Exhibition highlights collaborative analysis across art, physics, math

Exhibition highlights collaborative analysis across art, physics, math

Exhibition highlights collaborative analysis across art, physics, math

LAWRENCE — An exhibition opening April 20 presents collaborative research across visible art, arithmetic, physics, audio and dance at the University of Kansas. “Collective Entanglements,” organized by the Spencer Museum of Art’s Built-in Arts Analysis Initiative (IARI), explores operate by IARI analysis fellows Agnieszka Międlar, associate professor of arithmetic Daniel Tapia Takaki, associate professor of physics and New York-primarily based artist Janet Biggs.

For the previous 12 months this group has labored on a challenge that works by using the time-based media of movie and general performance to investigate concerns in particle and nuclear physics by means of novel mathematical techniques.

“We questioned ourselves: What is art? Is mathematics an art? Can physics make artwork? Can our collaboration across disciplines be generative and substantive in our respective fields and still build new scientific understanding?” Międlar stated.

In the course of April 20-22, the group will present its study via a series of activities across the KU Lawrence campus, including an exhibition in Slawson Corridor. To create the immersive set up, Biggs made video and audio motivated by the phenomenon of time, such as lunar and photo voltaic eclipses, scientific products at the European Group for Nuclear Research (CERN), dancers and Antarctic glaciers. Międlar and Takaki manipulated Biggs’s footage by algebraic computations generally utilized in quantum mechanics.

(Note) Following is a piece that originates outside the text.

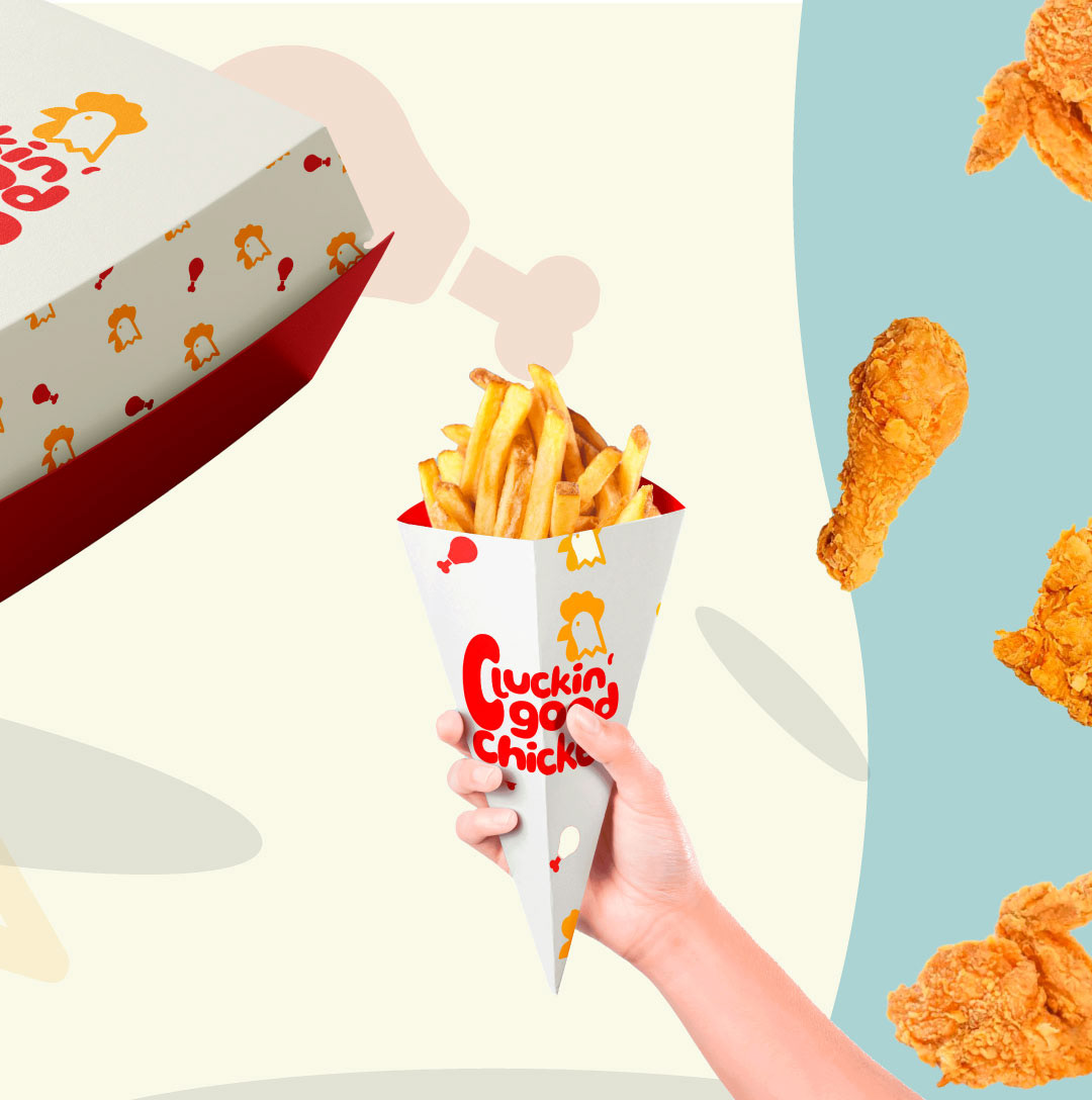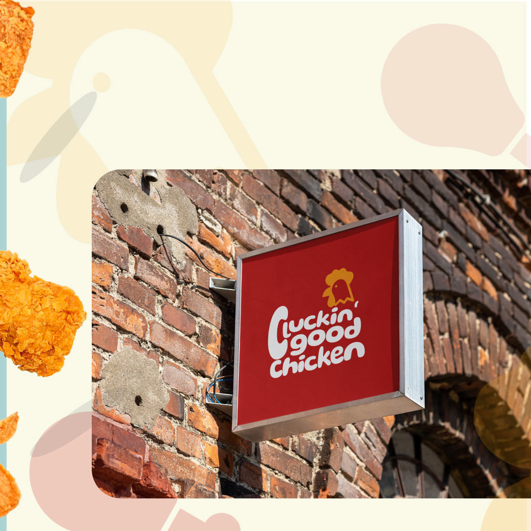 Branding for a mouth watering crispy chicken fast food chain. Branding included logo, color palette, patterns and mockups

Joey Orr, Spencer Museum curator for analysis, said the exhibition represents an experiment that has relevance throughout the fields that each and every of the IARI fellows signifies.

“Consisting of six films and a musical rating, the installation alone was produced collectively by all a few contributors,” Orr claimed.

Occasions all over the week contain panels showcasing Biggs, Międlar, Takaki and Orr, as properly as present-day and previous IARI graduate fellows. Two lectures by browsing scholars Roger Malina, College of Texas at Dallas, and Tim Davis, Texas A&M University, will more explore ways of working with physics and math to deepen comprehending of the arts, and vice versa.

All occasions are free and open up to the public. A comprehensive timetable is readily available on the web.

Situations are co-presented by The Commons, the Section of Arithmetic, the Office of Physics & Astronomy and the Spencer Museum of Artwork. The Integrated Arts Investigation Initiative is funded by help from the Mellon Basis and Margaret H. Silva.

Graphic: SketchUp rendering of Collective Entanglements, six-channel, high definition video clip set up with audio and an interactive whiteboard, 2022.